◆ What to work on ◆
Could you transcribe exactly the lines below, from the line with "DROWNING CREEK WATERFRONT" through the line with "Upaya pemulihan lingkungan", and nothing else, leaving out the pictures?

◆ Available data ◆
□ □ □ □ □

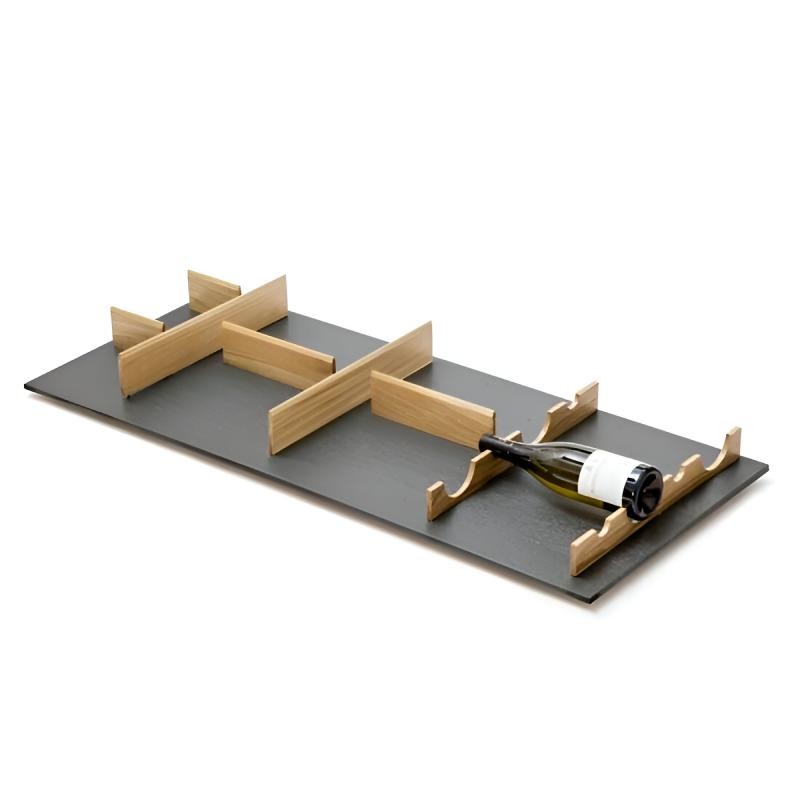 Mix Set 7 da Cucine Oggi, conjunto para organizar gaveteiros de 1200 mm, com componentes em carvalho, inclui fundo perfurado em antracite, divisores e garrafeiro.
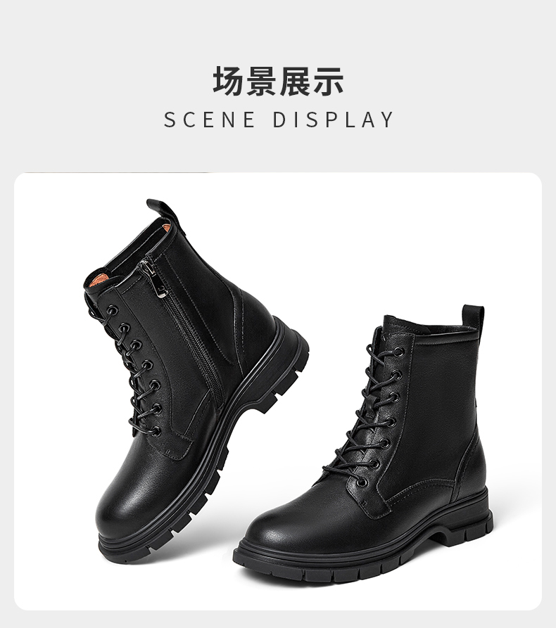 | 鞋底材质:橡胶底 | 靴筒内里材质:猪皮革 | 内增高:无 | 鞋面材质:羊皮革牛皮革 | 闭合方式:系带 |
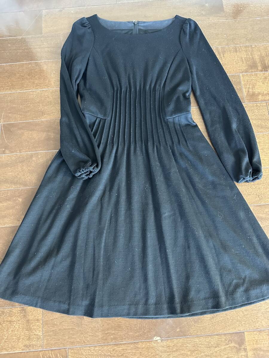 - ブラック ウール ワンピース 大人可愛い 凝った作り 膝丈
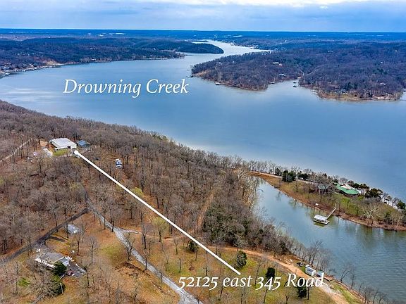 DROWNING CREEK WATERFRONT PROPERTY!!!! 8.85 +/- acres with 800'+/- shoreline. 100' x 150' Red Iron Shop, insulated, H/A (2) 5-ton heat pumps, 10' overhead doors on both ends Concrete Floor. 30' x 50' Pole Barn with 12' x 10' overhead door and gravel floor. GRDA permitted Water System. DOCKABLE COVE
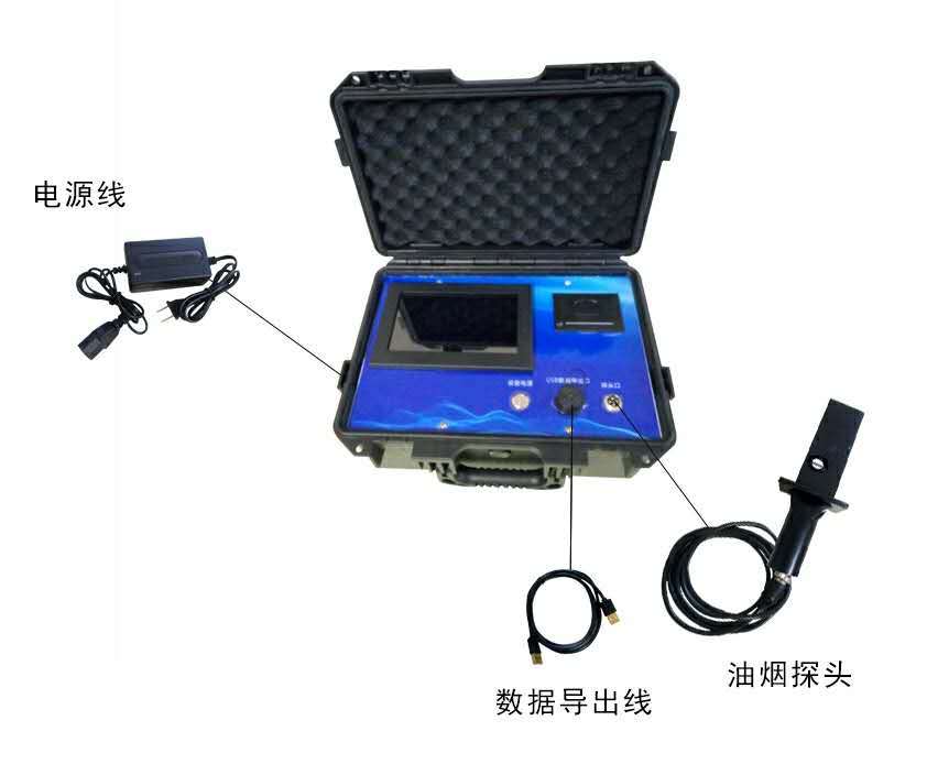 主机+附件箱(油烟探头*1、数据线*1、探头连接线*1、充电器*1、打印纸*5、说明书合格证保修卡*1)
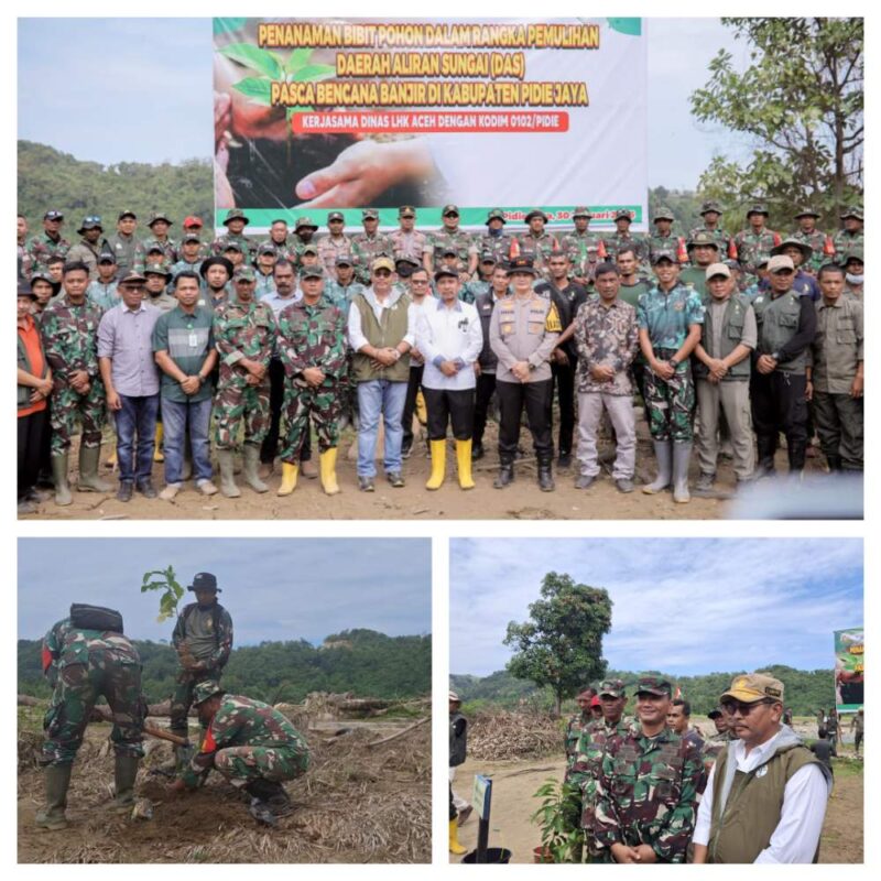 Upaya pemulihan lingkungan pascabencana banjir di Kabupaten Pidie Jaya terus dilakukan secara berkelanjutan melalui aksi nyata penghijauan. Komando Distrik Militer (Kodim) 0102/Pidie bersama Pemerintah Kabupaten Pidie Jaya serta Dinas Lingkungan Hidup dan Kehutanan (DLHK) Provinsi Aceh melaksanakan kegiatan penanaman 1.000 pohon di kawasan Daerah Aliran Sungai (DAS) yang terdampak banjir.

□ □ □ □ □

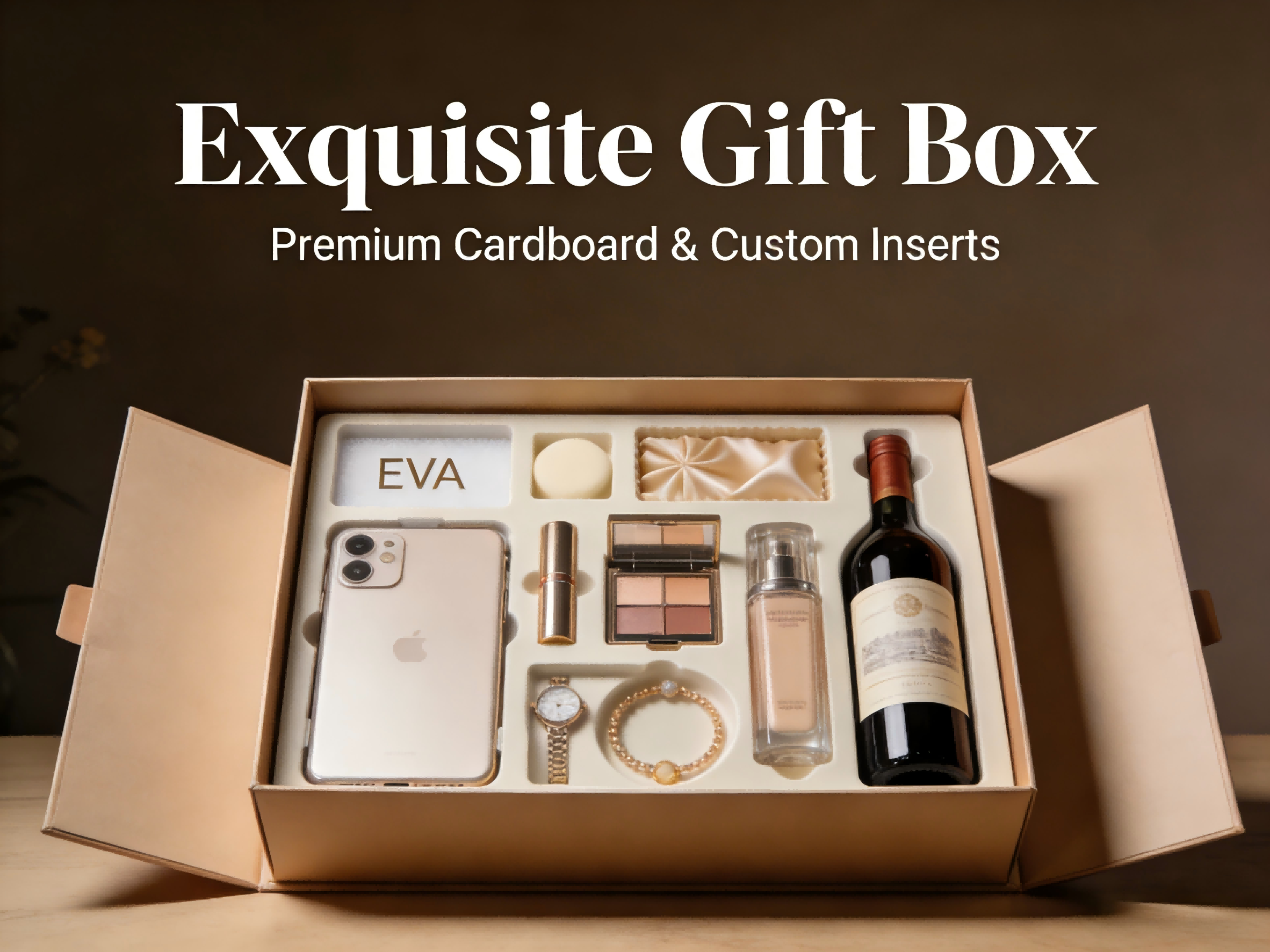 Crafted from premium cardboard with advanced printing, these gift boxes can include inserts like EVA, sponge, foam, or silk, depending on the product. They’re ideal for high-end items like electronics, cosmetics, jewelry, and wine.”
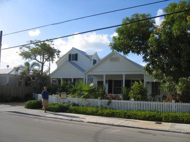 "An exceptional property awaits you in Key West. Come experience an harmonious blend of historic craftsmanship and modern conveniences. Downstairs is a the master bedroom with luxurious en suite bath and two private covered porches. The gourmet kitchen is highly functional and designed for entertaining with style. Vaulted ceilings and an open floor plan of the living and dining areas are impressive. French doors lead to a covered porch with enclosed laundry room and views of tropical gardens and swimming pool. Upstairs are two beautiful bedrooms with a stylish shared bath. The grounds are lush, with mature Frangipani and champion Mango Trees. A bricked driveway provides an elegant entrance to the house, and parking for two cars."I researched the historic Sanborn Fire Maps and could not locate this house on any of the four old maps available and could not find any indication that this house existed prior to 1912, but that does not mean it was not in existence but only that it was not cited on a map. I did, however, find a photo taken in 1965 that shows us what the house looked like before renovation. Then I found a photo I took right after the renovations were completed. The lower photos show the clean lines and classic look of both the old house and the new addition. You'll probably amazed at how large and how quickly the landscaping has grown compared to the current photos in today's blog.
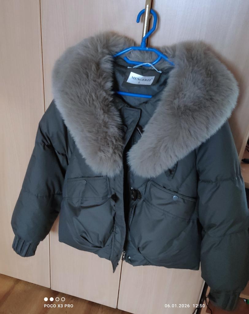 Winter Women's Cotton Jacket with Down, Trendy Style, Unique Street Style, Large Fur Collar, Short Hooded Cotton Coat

□ □ □ □ □

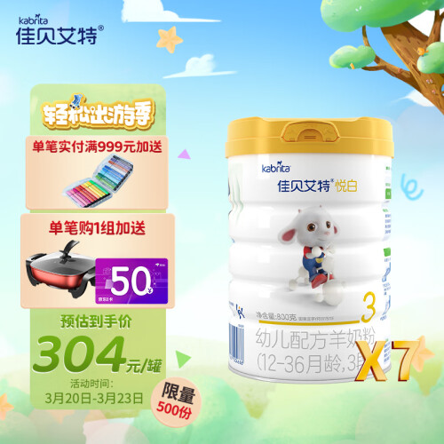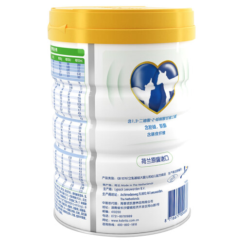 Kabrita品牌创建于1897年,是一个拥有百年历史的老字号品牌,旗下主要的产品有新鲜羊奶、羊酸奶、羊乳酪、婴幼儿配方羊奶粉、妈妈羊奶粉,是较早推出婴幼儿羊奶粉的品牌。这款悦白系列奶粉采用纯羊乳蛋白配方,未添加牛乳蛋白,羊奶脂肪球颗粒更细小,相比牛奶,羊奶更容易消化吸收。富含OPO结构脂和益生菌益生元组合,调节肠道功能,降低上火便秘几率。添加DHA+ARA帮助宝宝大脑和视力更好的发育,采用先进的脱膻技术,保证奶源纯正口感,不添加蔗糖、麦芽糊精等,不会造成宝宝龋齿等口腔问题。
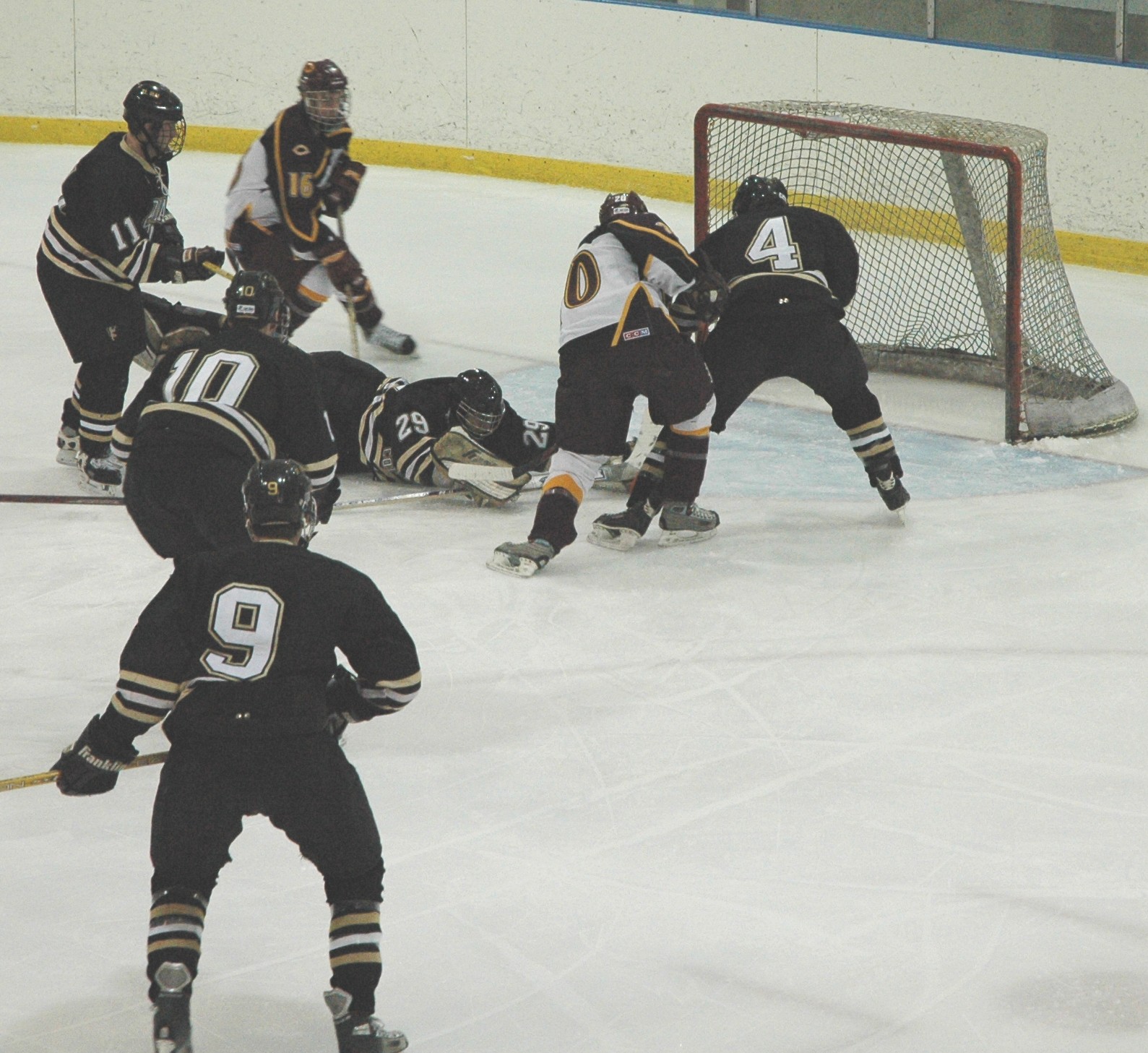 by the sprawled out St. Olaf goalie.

□ □ □ □ □

◆ Completed exercise ◆
 DROWNING CREEK WATERFRONT PROPERTY!!!! 8.85 +/- acres with 800'+/- shoreline. 100' x 150' Red Iron Shop, insulated, H/A (2) 5-ton heat pumps, 10' overhead doors on both ends Concrete Floor. 30' x 50' Pole Barn with 12' x 10' overhead door and gravel floor. GRDA permitted Water System. DOCKABLE COVE
 主机+附件箱(油烟探头*1、数据线*1、探头连接线*1、充电器*1、打印纸*5、说明书合格证保修卡*1)
 Upaya pemulihan lingkungan pascabencana banjir di Kabupaten Pidie Jaya terus dilakukan secara berkelanjutan melalui aksi nyata penghijauan. Komando Distrik Militer (Kodim) 0102/Pidie bersama Pemerintah Kabupaten Pidie Jaya serta Dinas Lingkungan Hidup dan Kehutanan (DLHK) Provinsi Aceh melaksanakan kegiatan penanaman 1.000 pohon di kawasan Daerah Aliran Sungai (DAS) yang terdampak banjir.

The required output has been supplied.